_WHAT TO WORK ON:_ Only the lines from the one with "Пока варится мясо, чистим" through the end of the data below belong in the answer, restated word for word, pictures excluded.

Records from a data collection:
^^^^^^^^

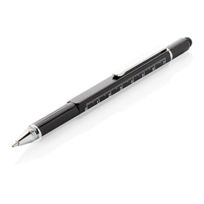 Długopis wielofunkcyjny 5 w 1, linijka 7 cm, poziomica, śrubokręt, touch pen, wykonany z wysokiej jakości mosiądzu, aluminiowy klip, długość pisania do 400 m
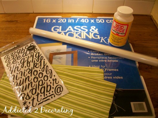This is really quite simple. I’m sure you could put this together without my instructions, but here goes anyway. I used a glass and backing kit from Michael’s, Mod Podge, a paint brush, leftover frosted window film (and the tools needed for that), fabric, and puffy stickers found in the scrapbooking section of Michael’s.
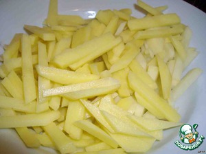 Пока варится мясо, чистим картошку, нарезаем тонкой! соломкой.
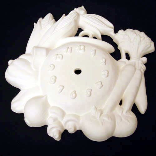 Réf. 12-028 légumes, cadran de pendule, L 27 x l 30,5 x h 4 ; biscuit de faïence fine (céramique brute à peindre ou à émailler)
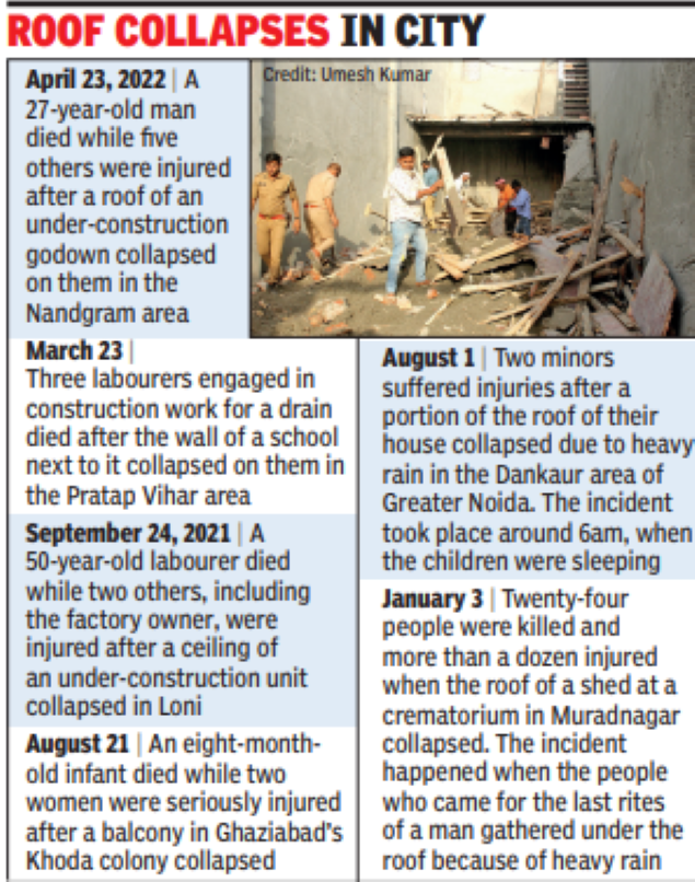 GHAZIABAD: A 27-year-old labourer died and five others were injured after the roof of an under-construction godown collapsed on them in Nandgram area of Ghaziabad on Saturday afternoon. Initial investigation revealed that the godown was being constructed illegally and its layout map was not approved by the Ghaziabad Development Authority.
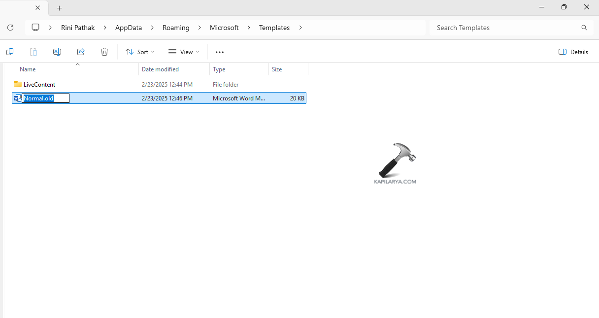 A Microsoft Word sablonjának nevének megváltoztatása szintén elősegítheti az alkalmazás visszaállítását. Ezért kövesse az alábbi lépéseket, hogy ugyanezt tegye.
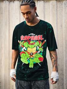 TEENAGE MUTANT NINJA TURTLES X ROMWE Men's Casual Tie-Dye Turtle Print Round Neck Short Sleeve T-Shirt, Summer

^^^^^^^^

_RESPONSE TO THE EXERCISE:_
 Пока варится мясо, чистим картошку, нарезаем тонкой! соломкой.
 Réf. 12-028 légumes, cadran de pendule, L 27 x l 30,5 x h 4 ; biscuit de faïence fine (céramique brute à peindre ou à émailler)
 GHAZIABAD: A 27-year-old labourer died and five others were injured after the roof of an under-construction godown collapsed on them in Nandgram area of Ghaziabad on Saturday afternoon. Initial investigation revealed that the godown was being constructed illegally and its layout map was not approved by the Ghaziabad Development Authority.
 A Microsoft Word sablonjának nevének megváltoztatása szintén elősegítheti az alkalmazás visszaállítását. Ezért kövesse az alábbi lépéseket, hogy ugyanezt tegye.
 TEENAGE MUTANT NINJA TURTLES X ROMWE Men's Casual Tie-Dye Turtle Print Round Neck Short Sleeve T-Shirt, Summer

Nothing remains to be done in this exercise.